Anyway while they work out what they are going to do with these two lumps, I have come home and brought the F.E.D home too. I haven't been home in a month and its so good to sleep in my own bed and do normal stuff like sleeping in and cooking. I was going insane sleeping in that creaky bed in the girl's unit.

The other thing I have decided to do while I have come home is to start putting some of my blogs together into a book format to try and get it published. This is in response to the encouragement I have received from many people. Not sure I am doing the right thing here. Not sure there is the sort of market for my sort of dribble but hey nothing ventured, nothing gained. I have nothing to lose! If I do manage to convince some publisher, at least I know I can sell five copies (Mum, Dad, the husband and my two girls!). To sell none would be shame!

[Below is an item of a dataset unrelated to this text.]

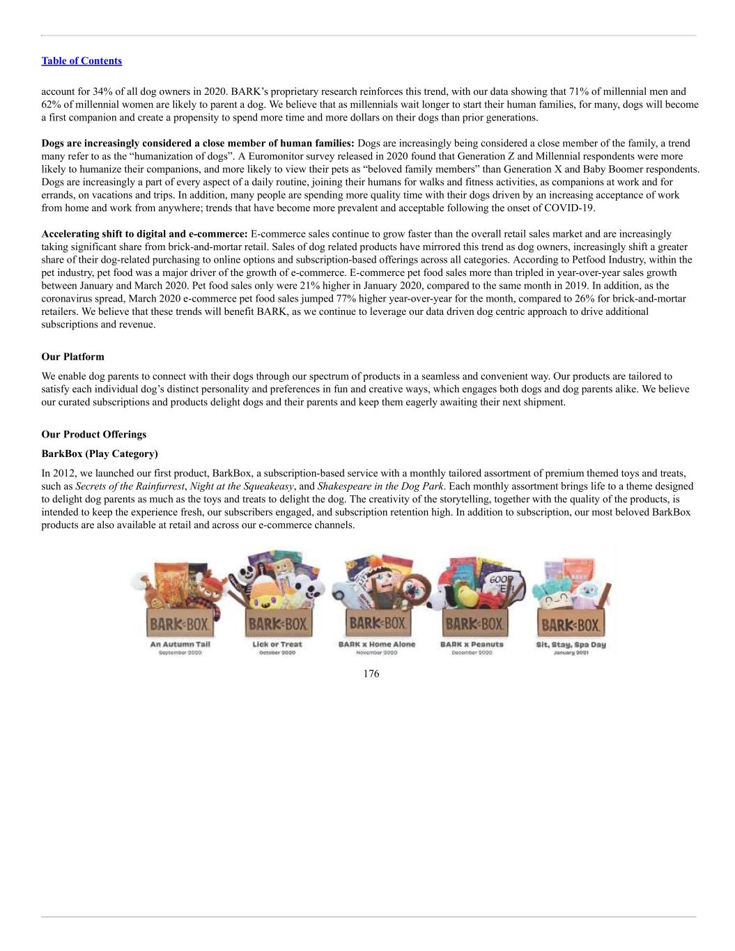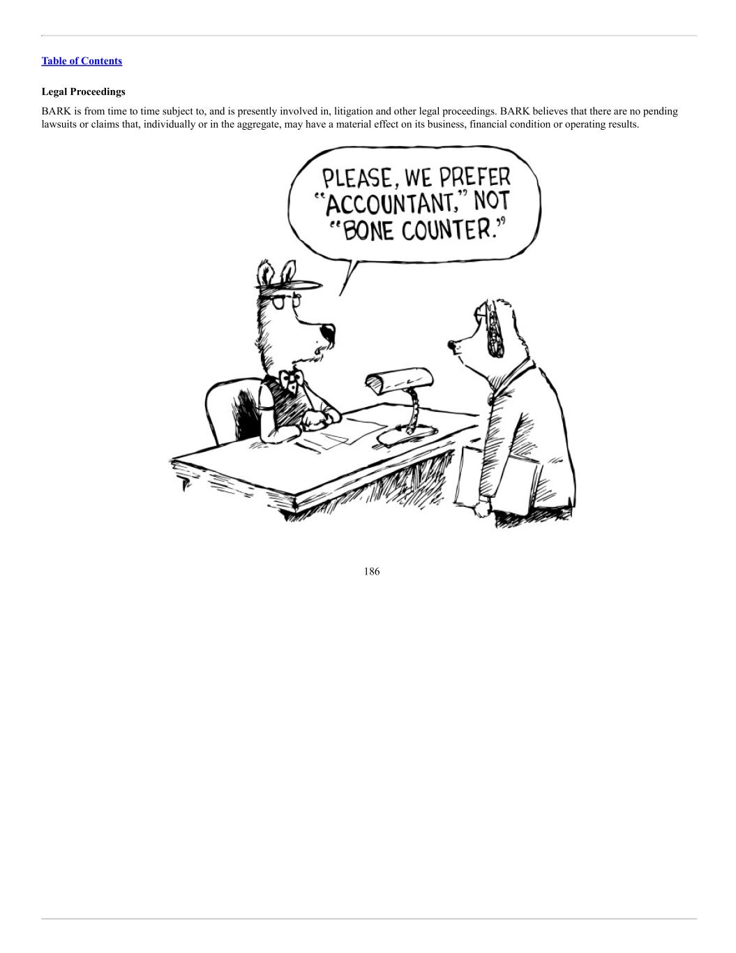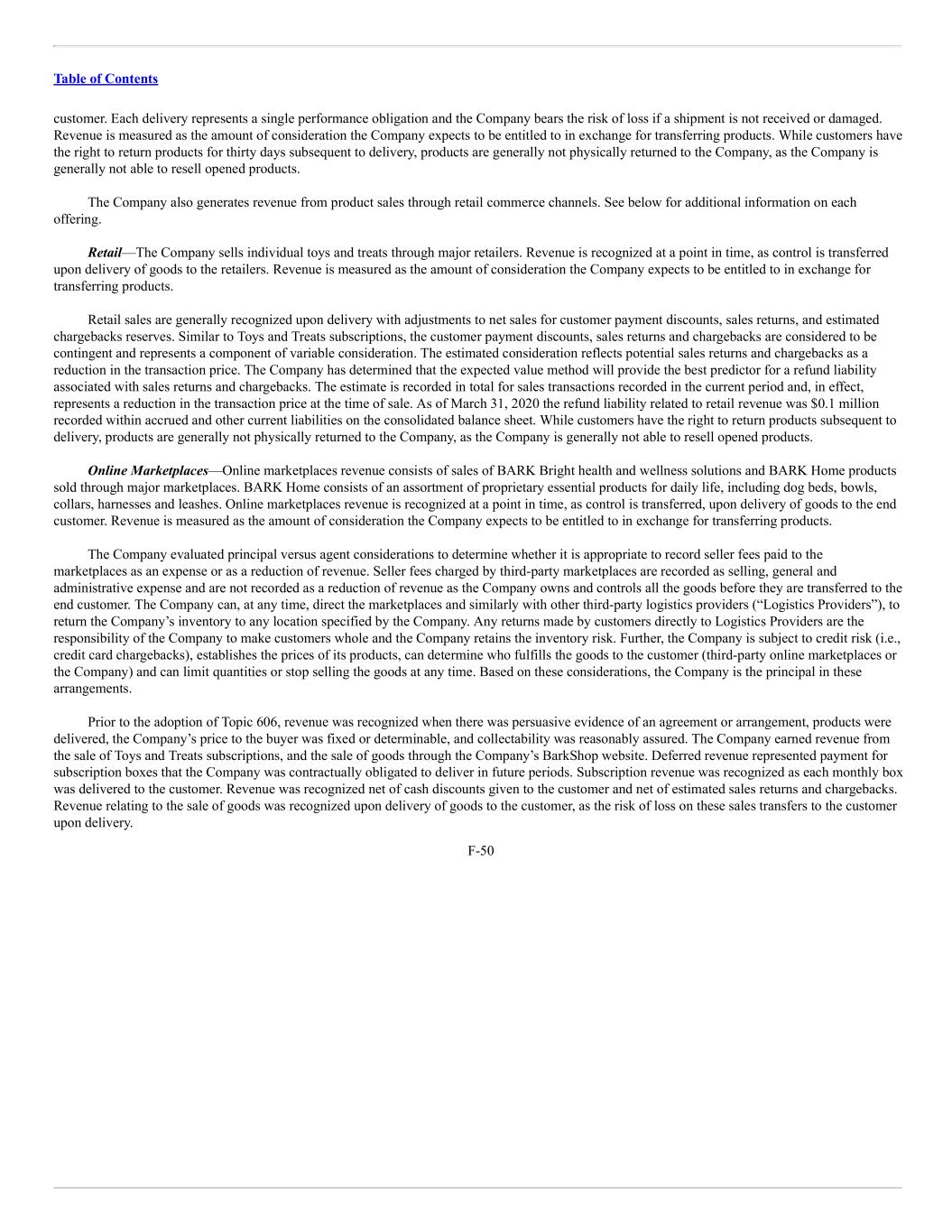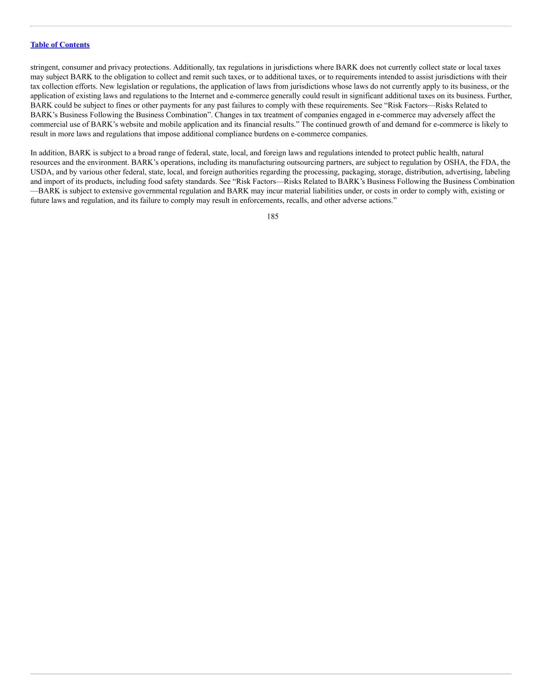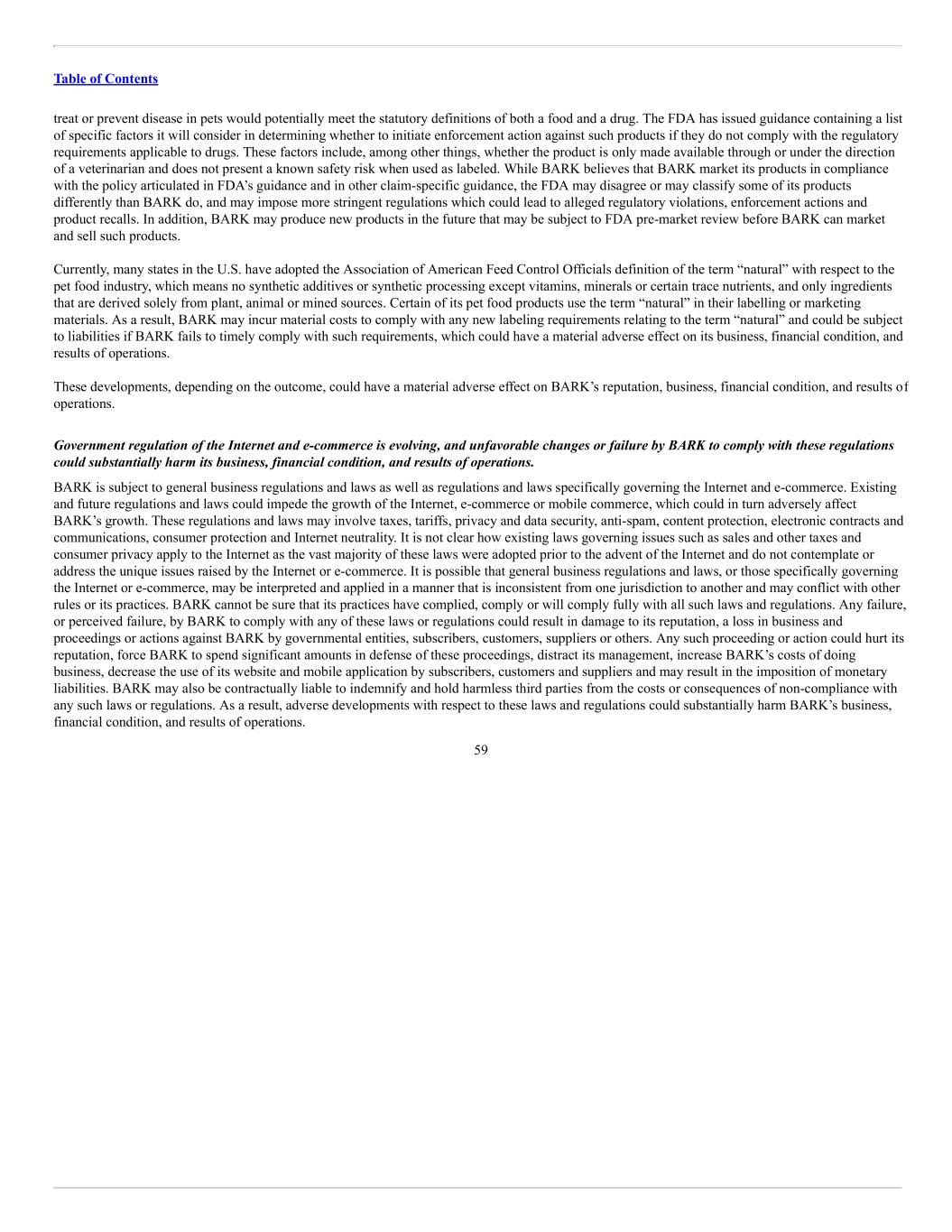 Table of Contents treat or prevent disease in pets would potentially meet the statutory definitions of both a food and a drug. The FDA has issued guidance containing a list of specific factors it will consider in determining whether to initiate enforcement action against such products if they do not comply with the regulatory requirements applicable to drugs. These factors include, among other things, whether the product is only made available through or under the direction of a veterinarian and does not present a known safety risk when used as labeled. While BARK believes that BARK market its products in compliance with the policy articulated in FDA’s guidance and in other claim-specific guidance, the FDA may disagree or may classify some of its products differently than BARK do, and may impose more stringent regulations which could lead to alleged regulatory violations, enforcement actions and product recalls. In addition, BARK may produce new products in the future that may be subject to FDA pre-market review before BARK can market and sell such products. Currently, many states in the U.S. have adopted the Association of American Feed Control Officials definition of the term “natural” with respect to the pet food industry, which means no synthetic additives or synthetic processing except vitamins, minerals or certain trace nutrients, and only ingredients that are derived solely from plant, animal or mined sources. Certain of its pet food products use the term “natural” in their labelling or marketing materials. As a result, BARK may incur material costs to comply with any new labeling requirements relating to the term “natural” and could be subject to liabilities if BARK fails to timely comply with such requirements, which could have a material adverse effect on its business, financial condition, and results of operations. These developments, depending on the outcome, could have a material adverse effect on BARK’s reputation, business, financial condition, and results of operations. Government regulation of the Internet and e-commerce is evolving, and unfavorable changes or failure by BARK to comply with these regulations could substantially harm its business, financial condition, and results of operations. BARK is subject to general business regulations and laws as well as regulations and laws specifically governing the Internet and e-commerce. Existing and future regulations and laws could impede the growth of the Internet, e-commerce or mobile commerce, which could in turn adversely affect BARK’s growth. These regulations and laws may involve taxes, tariffs, privacy and data security, anti-spam, content protection, electronic contracts and communications, consumer protection and Internet neutrality. It is not clear how existing laws governing issues such as sales and other taxes and consumer privacy apply to the Internet as the vast majority of these laws were adopted prior to the advent of the Internet and do not contemplate or address the unique issues raised by the Internet or e-commerce. It is possible that general business regulations and laws, or those specifically governing the Internet or e-commerce, may be interpreted and applied in a manner that is inconsistent from one jurisdiction to another and may conflict with other rules or its practices. BARK cannot be sure that its practices have complied, comply or will comply fully with all such laws and regulations. Any failure, or perceived failure, by BARK to comply with any of these laws or regulations could result in damage to its reputation, a loss in business and proceedings or actions against BARK by governmental entities, subscribers, customers, suppliers or others. Any such proceeding or action could hurt its reputation, force BARK to spend significant amounts in defense of these proceedings, distract its management, increase BARK’s costs of doing business, decrease the use of its website and mobile application by subscribers, customers and suppliers and may result in the imposition of monetary liabilities. BARK may also be contractually liable to indemnify and hold harmless third parties from the costs or consequences of non-compliance with any such laws or regulations. As a result, adverse developments with respect to these laws and regulations could substantially harm BARK’s business, financial condition, and results of operations.   59

Thanks for the encouragement Snoopy!

Till next time...xxx


3 comments:

  1. Oh Suzi, I can so relate to some of your experiences with specialists, procedures, "Hurry up and wait", etc. But my health issues aren't life-threatening. (Mine is advanced glaucoma, high-risk, unique situation....gratefully only advanced in L eye).
    Your book sounds like a good idea....I'd buy it! I love your honest, down-to-earth true stories. You usually have at least a bit of humor, and I'm glad! You need it to cope with the burdens you've had to deal with! Makes your blog that much more enjoyable for us, too.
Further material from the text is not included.